━━━━━ Supplied records
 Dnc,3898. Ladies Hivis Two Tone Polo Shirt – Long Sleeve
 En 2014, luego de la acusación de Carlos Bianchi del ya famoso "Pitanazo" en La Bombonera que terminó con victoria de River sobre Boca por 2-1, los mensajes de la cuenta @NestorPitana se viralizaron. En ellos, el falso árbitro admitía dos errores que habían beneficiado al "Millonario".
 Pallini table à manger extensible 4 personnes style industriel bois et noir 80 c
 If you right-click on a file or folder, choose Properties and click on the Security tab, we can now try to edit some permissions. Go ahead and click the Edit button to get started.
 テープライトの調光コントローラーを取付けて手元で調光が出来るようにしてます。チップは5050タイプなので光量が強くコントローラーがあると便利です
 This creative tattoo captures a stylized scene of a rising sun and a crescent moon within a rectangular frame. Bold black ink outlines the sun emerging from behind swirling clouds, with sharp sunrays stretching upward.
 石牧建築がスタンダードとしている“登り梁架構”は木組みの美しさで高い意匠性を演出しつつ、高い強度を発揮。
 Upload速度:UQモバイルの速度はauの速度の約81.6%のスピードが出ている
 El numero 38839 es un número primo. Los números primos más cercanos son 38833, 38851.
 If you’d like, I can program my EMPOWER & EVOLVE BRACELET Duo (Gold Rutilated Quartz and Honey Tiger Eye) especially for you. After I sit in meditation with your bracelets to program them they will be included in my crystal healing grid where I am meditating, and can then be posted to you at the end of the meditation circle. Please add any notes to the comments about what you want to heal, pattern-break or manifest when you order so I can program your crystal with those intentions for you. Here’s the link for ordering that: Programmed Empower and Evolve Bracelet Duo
━━━━━━━━━━
→ What to do
Every record must be written out again without any change.

→ Solution to the problem
 Dnc,3898. Ladies Hivis Two Tone Polo Shirt – Long Sleeve
 En 2014, luego de la acusación de Carlos Bianchi del ya famoso "Pitanazo" en La Bombonera que terminó con victoria de River sobre Boca por 2-1, los mensajes de la cuenta @NestorPitana se viralizaron. En ellos, el falso árbitro admitía dos errores que habían beneficiado al "Millonario".
 Pallini table à manger extensible 4 personnes style industriel bois et noir 80 c
 If you right-click on a file or folder, choose Properties and click on the Security tab, we can now try to edit some permissions. Go ahead and click the Edit button to get started.
 テープライトの調光コントローラーを取付けて手元で調光が出来るようにしてます。チップは5050タイプなので光量が強くコントローラーがあると便利です
 This creative tattoo captures a stylized scene of a rising sun and a crescent moon within a rectangular frame. Bold black ink outlines the sun emerging from behind swirling clouds, with sharp sunrays stretching upward.
 石牧建築がスタンダードとしている“登り梁架構”は木組みの美しさで高い意匠性を演出しつつ、高い強度を発揮。
 Upload速度:UQモバイルの速度はauの速度の約81.6%のスピードが出ている
 El numero 38839 es un número primo. Los números primos más cercanos son 38833, 38851.
 If you’d like, I can program my EMPOWER & EVOLVE BRACELET Duo (Gold Rutilated Quartz and Honey Tiger Eye) especially for you. After I sit in meditation with your bracelets to program them they will be included in my crystal healing grid where I am meditating, and can then be posted to you at the end of the meditation circle. Please add any notes to the comments about what you want to heal, pattern-break or manifest when you order so I can program your crystal with those intentions for you. Here’s the link for ordering that: Programmed Empower and Evolve Bracelet Duo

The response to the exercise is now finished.